Data provided: Begin

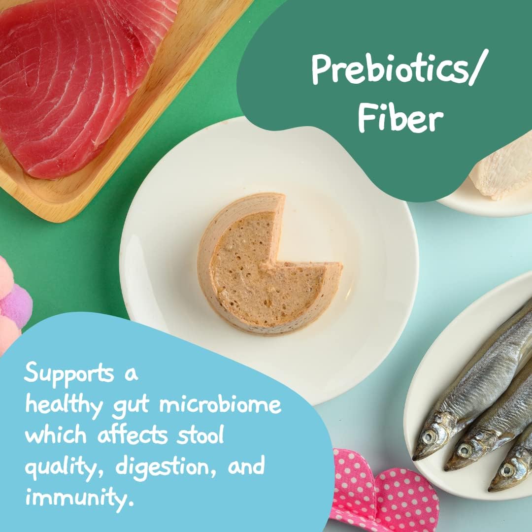 Prebiotics/Fiber: We include prebiotics in our sensitive stomach wet cat food to support a healthy gut microbiome which affects stool quality, digestion, and immunity.
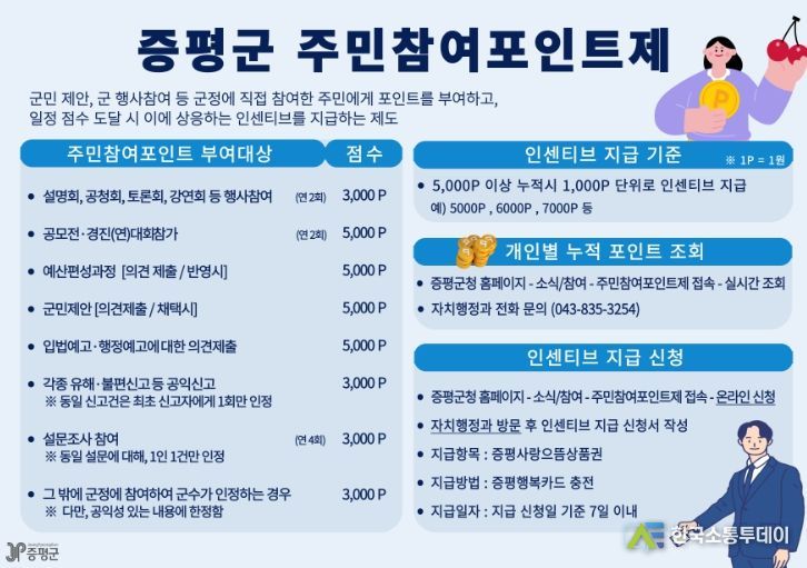한국소통투데이 관리자 기자 | 충북 증평군이 주민 참여 활성화를 위해 시행하는 주민참여포인트제 실효성 높이기에 나섰다.
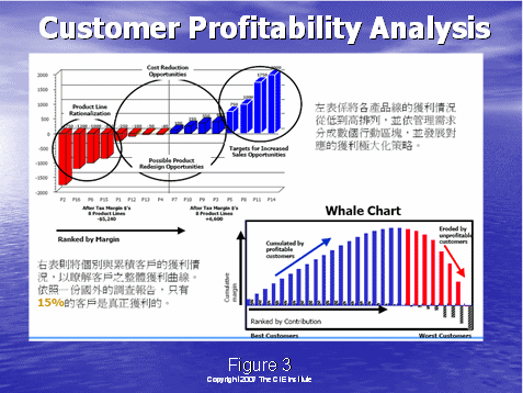 圖3右下角的鯨狀圖進一步地說明了情況:它根據(jù)客戶分配成本,而更清楚地看到客戶收益性。行動成本計算或ABC可以使確保您的業(yè)務(wù)實現(xiàn)贏利的關(guān)鍵成本更清楚易懂。讓我們看一個例子,來比較兩種獲得和保持手機用戶的不同的方法。你將看到該高水平分析法可以很充分地使對呼叫中心利潤的基本要素有更深的理解。

Data provided: End

Transcribe the span of lines that runs from the line with "한국소통투데이 관리자 기자" to the end of the data, both ends included, exactly, with nothing else and no pictures.

한국소통투데이 관리자 기자 | 충북 증평군이 주민 참여 활성화를 위해 시행하는 주민참여포인트제 실효성 높이기에 나섰다.
 圖3右下角的鯨狀圖進一步地說明了情況:它根據(jù)客戶分配成本,而更清楚地看到客戶收益性。行動成本計算或ABC可以使確保您的業(yè)務(wù)實現(xiàn)贏利的關(guān)鍵成本更清楚易懂。讓我們看一個例子,來比較兩種獲得和保持手機用戶的不同的方法。你將看到該高水平分析法可以很充分地使對呼叫中心利潤的基本要素有更深的理解。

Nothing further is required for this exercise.